La economía francesa se frena por el impacto energético de la guerra con Irán
El PIB de Francia se estancó en el primer trimestre de 2026 debido al encarecimiento de la energía vinculado al conflicto con Irán, según datos del INSEE publicados el 30 de abril. El crecimiento fue del 0,0%, por debajo del 0,2% del trimestre anterior y de las previsiones de los analistas. La guerra comenzó el 28 de febrero tras ataques de EE. UU. e Israel a infraestructuras iraníes y el bloqueo del estrecho de Ormuz.

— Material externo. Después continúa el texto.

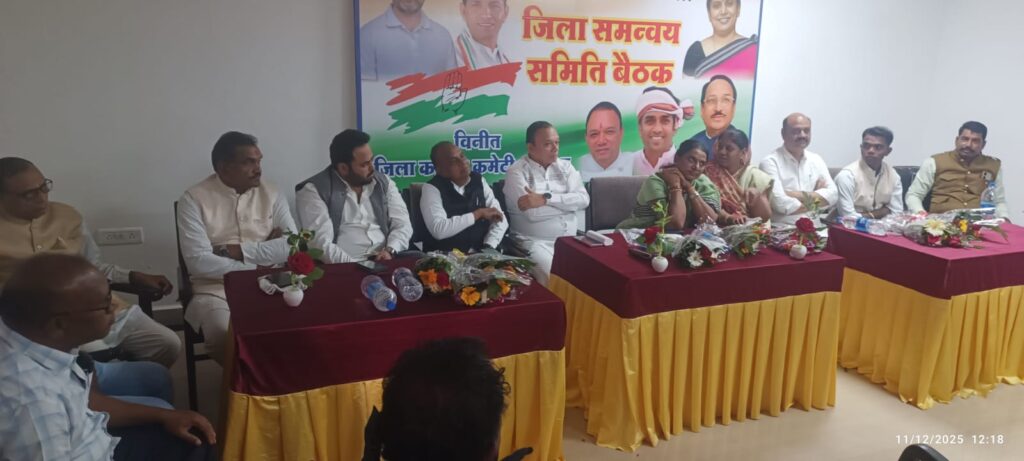 जिला कांग्रेस द्वारा अखिल भारतीय कांग्रेस कमेटी की सचिव एवं मध्य प्रदेश कांग्रेस की नवनियुक्त सह प्रभारी आंध्र प्रदेश की कांग्रेस नेता उषा नायडू की उपस्थिति में समन्वय समिति की बैठक रिसोर्ट हाल में आयोजित हुई बैठक में समस्त समन्वय समिति के सदस्य उपस्थित रहे जिले में प्रथम आगमन पर उनका स्वागत किया गया तत्पश्चात बैठक में पार्टी संगठन की मजबूती के साथ एस आई आर प्रकिया के संबंध में विचार विमर्श हुआ जिसमें मतदाता सूची में त्रुटियों मे सुधार नए मतदाताओं का पंजीकरण मतदाताओं की शिकायतें एस आई आर प्रकिया की पारदर्शिता वही पार्टी द्वारा जिले के 981 बुथों पर नियुक्त किए गए।

Frenazo en todos los frentes
Los datos del INSEE muestran una economía que pierde fuelle. El gasto de los consumidores retrocedió un 0,1% en el trimestre. La inversión total cayó un 0,4%, lastrada por el descenso en la construcción y en los bienes manufacturados. Las exportaciones se desplomaron un 3,8%, lo que restó 0,7 puntos porcentuales al crecimiento a través del comercio neto. Solo el aumento de existencias, que aportó 0,8 puntos, evitó una contracción clara de la actividad.
Inflación al alza y advertencias
La inflación se aceleró hasta el 2,2% en abril, el nivel más alto desde mediados de 2024 y por encima de lo anticipado por los analistas. Las subidas de precios se trasladan directamente a las facturas energéticas de los hogares, a los costes industriales y al transporte. Francia e Italia han recortado sus previsiones de crecimiento, mientras que Alemania ha reducido a la mitad su previsión para 2026, hasta el 0,5%.
Conflicto y bloqueo energético
El conflicto comenzó el 28 de febrero, cuando ataques de EE. UU. e Israel contra infraestructuras militares iraníes desencadenaron un bloqueo de facto del estrecho de Ormuz. Por ese paso transita aproximadamente el 20% del crudo transportado por mar en el mundo. Las cifras recogen únicamente las primeras semanas del conflicto.
Repercusiones para la eurozona
La economía de la eurozona podría contraerse en el segundo trimestre y quedarse prácticamente estancada en la segunda mitad del año si el conflicto se prolonga varios meses, según el centro de estudios Chatham House. Los datos de Francia son los primeros de una oleada de cifras del PIB del primer trimestre de las principales economías europeas. En conjunto, se espera que la eurozona registre un crecimiento sostenido del 0,2%.